## Task instructions
Nothing should appear in the answer except the lines below from the line containing "عاصم قال: صحِبتُ" through the line containing "Democrația la care", copied exactly, with pictures left out.

BEGIN Collected data

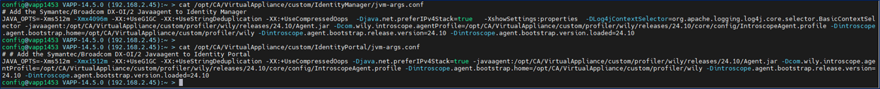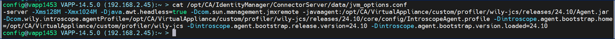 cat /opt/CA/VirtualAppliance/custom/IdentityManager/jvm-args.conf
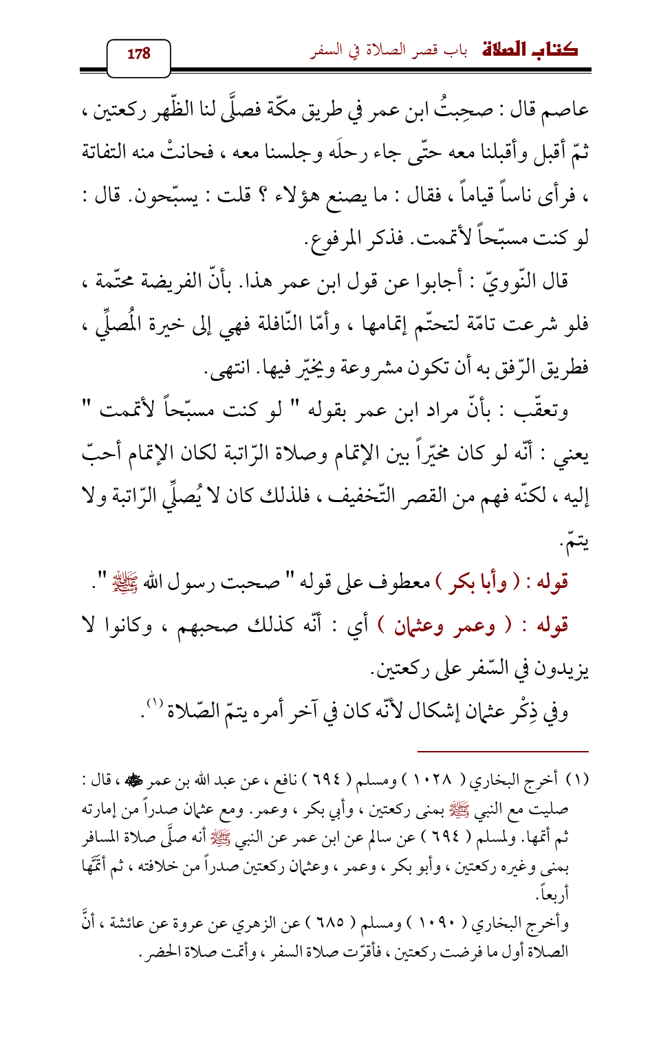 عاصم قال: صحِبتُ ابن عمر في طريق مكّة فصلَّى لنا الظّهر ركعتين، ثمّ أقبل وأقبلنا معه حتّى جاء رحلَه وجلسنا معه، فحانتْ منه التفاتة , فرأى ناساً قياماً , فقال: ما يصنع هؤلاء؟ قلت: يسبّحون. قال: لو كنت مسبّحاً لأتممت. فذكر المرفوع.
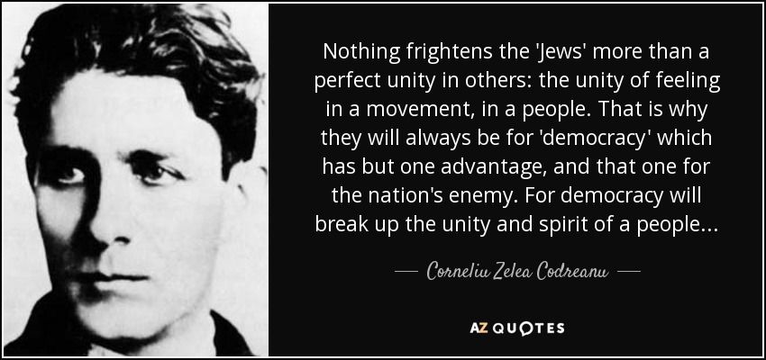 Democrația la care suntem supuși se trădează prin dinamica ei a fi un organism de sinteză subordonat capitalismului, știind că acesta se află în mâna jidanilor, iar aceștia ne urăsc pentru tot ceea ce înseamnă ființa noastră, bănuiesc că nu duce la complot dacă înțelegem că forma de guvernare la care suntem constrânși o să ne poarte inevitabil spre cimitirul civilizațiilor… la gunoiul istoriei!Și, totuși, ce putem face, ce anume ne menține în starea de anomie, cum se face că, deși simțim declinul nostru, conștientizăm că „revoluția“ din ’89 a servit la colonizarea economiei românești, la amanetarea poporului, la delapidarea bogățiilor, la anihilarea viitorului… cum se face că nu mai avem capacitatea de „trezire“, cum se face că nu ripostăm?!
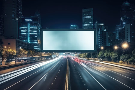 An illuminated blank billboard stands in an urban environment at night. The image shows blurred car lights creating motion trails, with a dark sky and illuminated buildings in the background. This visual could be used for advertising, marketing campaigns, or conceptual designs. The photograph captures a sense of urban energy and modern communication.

END Collected data

## Finished task
 عاصم قال: صحِبتُ ابن عمر في طريق مكّة فصلَّى لنا الظّهر ركعتين، ثمّ أقبل وأقبلنا معه حتّى جاء رحلَه وجلسنا معه، فحانتْ منه التفاتة , فرأى ناساً قياماً , فقال: ما يصنع هؤلاء؟ قلت: يسبّحون. قال: لو كنت مسبّحاً لأتممت. فذكر المرفوع.
 Democrația la care suntem supuși se trădează prin dinamica ei a fi un organism de sinteză subordonat capitalismului, știind că acesta se află în mâna jidanilor, iar aceștia ne urăsc pentru tot ceea ce înseamnă ființa noastră, bănuiesc că nu duce la complot dacă înțelegem că forma de guvernare la care suntem constrânși o să ne poarte inevitabil spre cimitirul civilizațiilor… la gunoiul istoriei!Și, totuși, ce putem face, ce anume ne menține în starea de anomie, cum se face că, deși simțim declinul nostru, conștientizăm că „revoluția“ din ’89 a servit la colonizarea economiei românești, la amanetarea poporului, la delapidarea bogățiilor, la anihilarea viitorului… cum se face că nu mai avem capacitatea de „trezire“, cum se face că nu ripostăm?!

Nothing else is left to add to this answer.